Sunday, April 27, 2008

Tom Hayden reminds us of Hillary's radical roots

Former Michigander Tom Hayden, an author of the Port Huron Statement of the Sixties, writes in The Nation about how disingenuous Hillary is being by piling on in attempts to tie Barack Obama to Sixties' radicals.


As Obama noted, he was only eight years old when the Weathermen were active. But he did not point out, as some think he should, that Hillary Clinton was a radical back then -- something that the "right-wing attack machine" is holding in reserve if she gets the nod for the fall election.


After leaving Yale, newly minted lawyer Hillary went to work for a left-wing San Francisco firm that specialized in defending the Black Panthers and labor leaders tied to Communist causes. Those facts may make me wish Hillary were more like she once was. But they also show that people change and that you cannot be judged by the actions of every friend or family member. (Though I am not sure I can forgive Hillary for sticking with Bill, especially now.)


As Hayden writes:


. . . doesn't she see how the Hillary of today would accuse the Hillary of the sixties of associating with black revolutionaries who fought gun battles with police officers, and defending pro-communist lawyers who backed communists? Doesn't the Rev. Jeremiah Wright, whom Hillary attacks today, represent the very essence of the black radicals Hillary was associating with in those days? And isn't the Hillary of today becoming the same kind of guilt-by-association insinuator as the Richard Nixon she worked to impeach?


I am glad to see Obama remaining above the fray, but I hope that Hayden's comments get a wide play.
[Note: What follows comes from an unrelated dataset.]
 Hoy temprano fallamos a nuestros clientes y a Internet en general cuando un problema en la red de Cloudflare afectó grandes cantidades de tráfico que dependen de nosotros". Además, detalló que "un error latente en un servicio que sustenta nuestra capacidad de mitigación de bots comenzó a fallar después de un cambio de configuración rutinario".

The argument that the right has thrown everything at Hillary belies the fact that they haven't even started.

First sign that the Dem establishment will give it to Hillary?
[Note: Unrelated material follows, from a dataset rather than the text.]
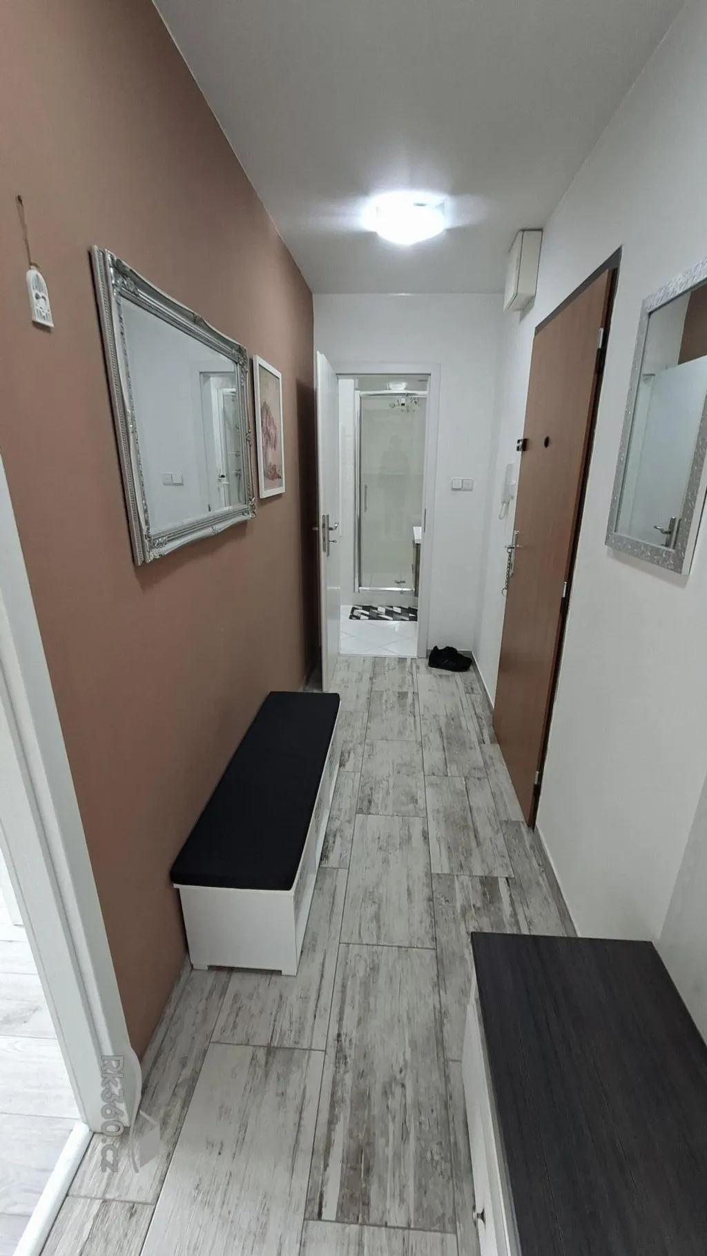 Předsíň: botník a vstup do šatny.

I just watched in horror as Howard Dean told the "Meet the Press" audience this morning that the Dem race is a virtual tie. A tie?


As Politico et al have explained, there is simply no way under the prevailing rules that Hillary Clinton can catch and then overtake Barack Obama in the remaining primaries. Tie? A tie where superdelegates should break the tie by choosing the person on the basis of who is perceived as most electable? Is that code for the black man cannot win, so give it to Hillary?


Rep. James Clyburn notes that many African Americans are worried that this is the "graybeards" of the party finding a way to rob the upstart black man of the nomination. Hillary is the mainstream candidate, arm twisting the superdelegates with promises of favors and threats of retribution - made all the more credible by years of doing just that. All Obama is offering is hope of a better society.


So is this a sign that the party elders are going to do whatever it takes to give Hillary a shot, even though her negatives are so high that they give John McCain a real shot in the fall? And will mainstream media collude because they love to keep the race going?


As Clyburn rightly noted, the idea that whites are the swing vote that should decide the race treats black voters as irrelevant. Why isn't anyone asking why Hillary no longer does as well with black voters as she once did?


No Democrat can win in the fall without the black vote. So why doesn't it matter that Hillary is threatening to bring the party down with the divisive tactics her campaign has been using, especially husband Bill?


If Howard Dean and his pals end up giving the nod to Hillary, then I will wonder why I ever returned to the fold after going to the Green Party in 2000.